> _Problem_
Nothing but the lines from the one containing "Pas en noir" through the end of the data should be retyped, exactly as they stand, and pictures should not be retyped.

> _Material provided_
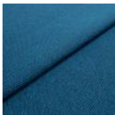
Blues CS II 9616 Blue/Blue 1002167
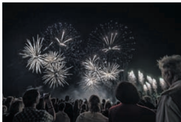
Pas en noir et blanc : Le spectacle pyromélodique des frères Guinand a enchanté le public trois quarts d'heure durant et - contrairement aux apparences - a produit une débauche de couleurs et de musiques impressionnante.
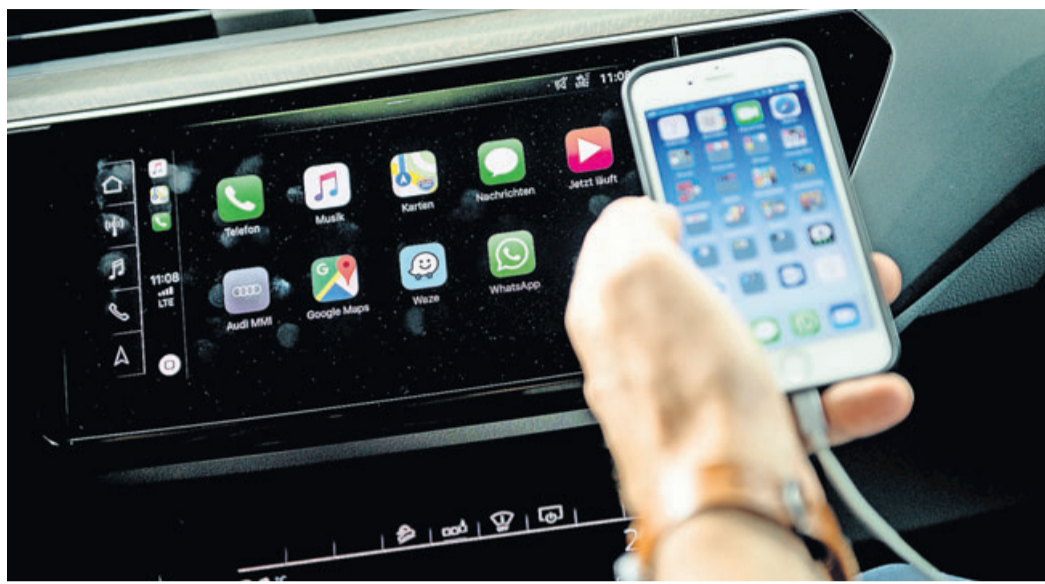
Voll vernetzt: Viele Funktionen in modernen Autos laufen über Apps – und brauchen dafür häufig auch persönliche Daten.

Da kaum ein Hersteller dafür eine Löschroutine anbietet, gehe das oft nur „in nerviger

> _Exercise output_
Pas en noir et blanc : Le spectacle pyromélodique des frères Guinand a enchanté le public trois quarts d'heure durant et - contrairement aux apparences - a produit une débauche de couleurs et de musiques impressionnante.
Voll vernetzt: Viele Funktionen in modernen Autos laufen über Apps – und brauchen dafür häufig auch persönliche Daten.

Da kaum ein Hersteller dafür eine Löschroutine anbietet, gehe das oft nur „in nerviger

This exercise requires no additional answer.